STAT6 has a dual role as signaling molecule and transcription factor [36]. It is tightly connected to IL-4 and IL-13 signaling, and plays a key role in TH2 polarization of the immune system [36]. The study about the prognostic value of STAT6 expression in malignancies is limited. So far, the association between STAT6 and cancer patients’ clinical outcomes was only investigated in colorectal cancer. Wang et al. [37] examined 119 colorectal cancer patients by immunohistochemistry and found patients with STAT6-positive expression had lower survival rates than those with STAT6-negative expression. In the present study, we found that high mRNA expression of STAT6 was correlated to a better OS for all the ovarian cancer patients, suggesting STAT6 has different prognostic significance across cancer types. Furthermore, high mRNA expression of STAT6 was correlated to a better OS in grade III ovarian cancer patients, but not in grade I or II ovarian cancer patients, implying that STAT6 may be a favorable prognostic indictor especially for poor differentiation ovarian cancer.
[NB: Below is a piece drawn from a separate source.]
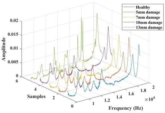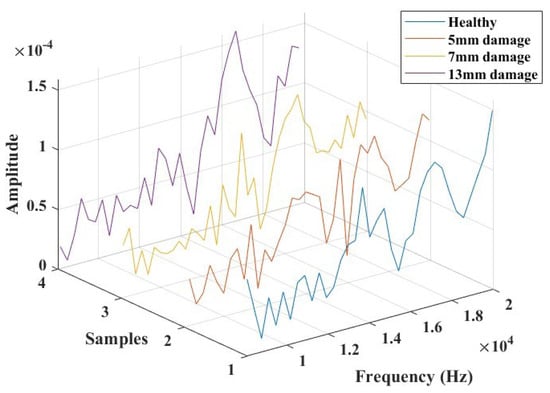 In the frequency domain, Lamb wave signals were analyzed using Fast Fourier Transforms, as illustrated in Figure 13. The time domain signals were transformed, considering a data acquisition frequency of 312 kHz. The objective of this analysis was to identify a combination of parameters that could offer an indicative correlation to the response corresponding to the presence of damage. Based on observations from these plots, a specific frequency range between 8 kHz and 20 KHz was extracted (as depicted in Figure 14), where the influence of the introduced damage on the structure appeared to be significant. This extraction was undertaken to streamline the evaluation of pertinent parameters that could offer a reliable damage index for the SHM study.

Interestingly, when we further explored the prognostic roles of individual STATs in TP53 mutation, our data shows that STAT1, STAT3, and STAT6’s high mRNA expression indicated a better OS in TP53 mutated, but not in TP53 wild-type ovarian cancer patients. These observations indicate that STATs family may be favorable prognosis indicators for TP53 mutated ovarian cancer patients. Considering the small sample size of TP53 wild-type ovarian cancer patients, we can not determine the prognostic value of STATs family in these subtype ovarian cancer, further study with large sample size are needed.

Conclusion

In summary, our results show that high mRNA expression of all the individual STATs except STAT2 and STAT3 are correlated to a better OS for all the ovarian cancer patients, especially the high level of STAT1 and STAT4 are significantly related to a favorable OS for serous ovarian cancer patients. And we also found that these genes indicated a favorable prognosis especially for late stage, poor differentiation, and TP53 mutated ovarian cancer patients. These results indicate that STATs family plays a significantly prognostic role in ovarian carcinoma and individual STATs, except STAT2 and STAT3, and may act as a favorable prognostic marker in ovarian cancer. Although our data were statistically significant, the relationship between individual STATs expression and the prognosis of ovarian cancer needs further exploration. Our further studies will validate these results at the in situ protein epression level in human ovarian cancer samples and explore the clinical application of STAT family in ovarian cancer treatment.